_WHAT THIS TASK INVOLVES_.
Pictures excluded, output the lines of the data below between the one holding "FUTURA SHIRT Navy" and the one holding "Ball High School", inclusive, exactly as they stand.

_SOURCE MATERIAL_.

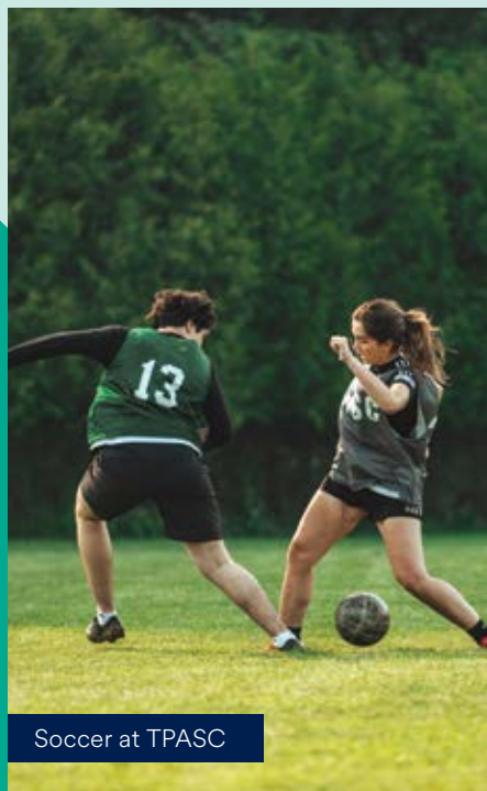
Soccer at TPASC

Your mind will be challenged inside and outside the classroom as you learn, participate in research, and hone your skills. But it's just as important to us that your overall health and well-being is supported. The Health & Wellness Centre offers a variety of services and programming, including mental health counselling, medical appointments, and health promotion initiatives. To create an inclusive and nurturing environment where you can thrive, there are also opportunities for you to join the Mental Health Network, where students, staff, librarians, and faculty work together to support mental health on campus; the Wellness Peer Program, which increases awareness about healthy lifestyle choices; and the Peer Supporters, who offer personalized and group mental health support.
==
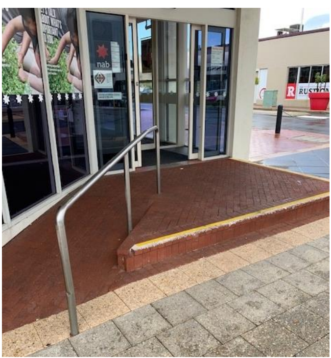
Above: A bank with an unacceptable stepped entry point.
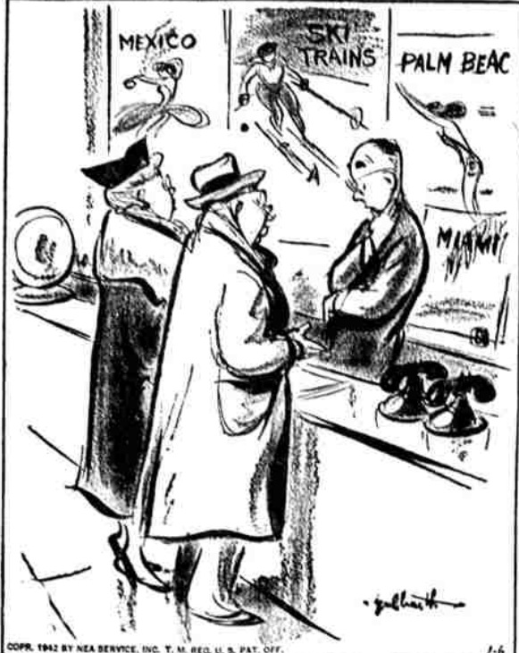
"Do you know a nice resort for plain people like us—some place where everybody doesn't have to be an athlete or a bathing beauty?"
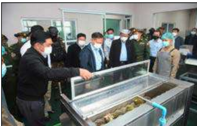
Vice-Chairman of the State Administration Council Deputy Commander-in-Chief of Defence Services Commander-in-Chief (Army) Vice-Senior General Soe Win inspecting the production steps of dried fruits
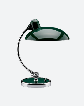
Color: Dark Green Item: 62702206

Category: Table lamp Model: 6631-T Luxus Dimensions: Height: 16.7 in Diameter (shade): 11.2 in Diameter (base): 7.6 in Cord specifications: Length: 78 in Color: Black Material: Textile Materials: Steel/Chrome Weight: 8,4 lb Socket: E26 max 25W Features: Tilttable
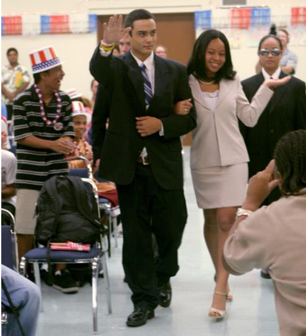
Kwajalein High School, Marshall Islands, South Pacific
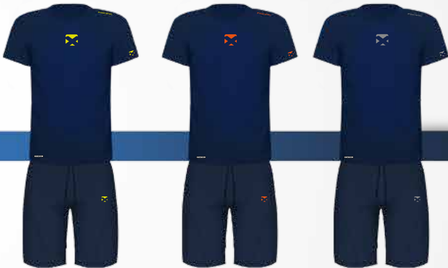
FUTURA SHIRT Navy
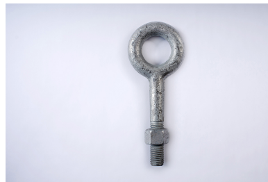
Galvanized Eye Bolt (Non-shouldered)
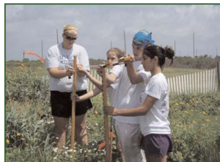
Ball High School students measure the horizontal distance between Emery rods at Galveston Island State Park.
* * *
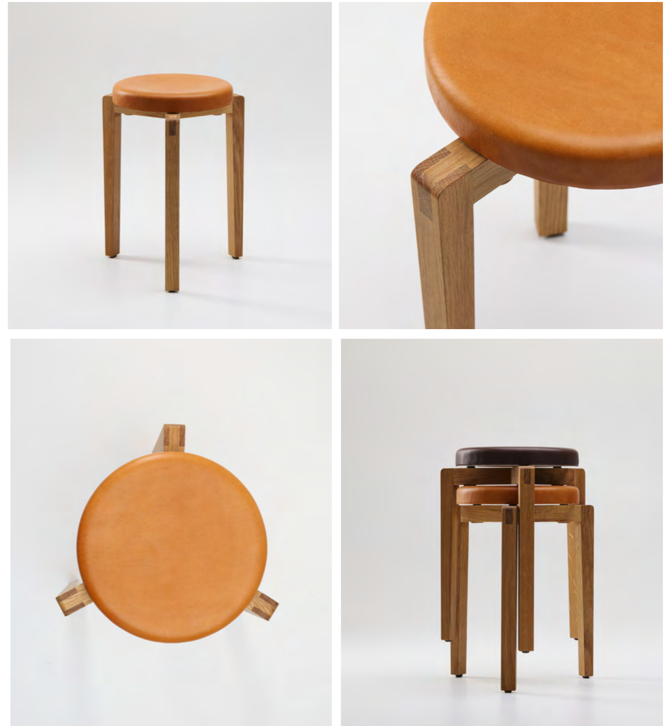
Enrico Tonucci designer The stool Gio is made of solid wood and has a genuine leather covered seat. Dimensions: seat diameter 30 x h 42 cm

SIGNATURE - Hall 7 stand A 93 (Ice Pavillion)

_SOLUTION FOR THIS PROBLEM_.
FUTURA SHIRT Navy
Galvanized Eye Bolt (Non-shouldered)
Ball High School students measure the horizontal distance between Emery rods at Galveston Island State Park.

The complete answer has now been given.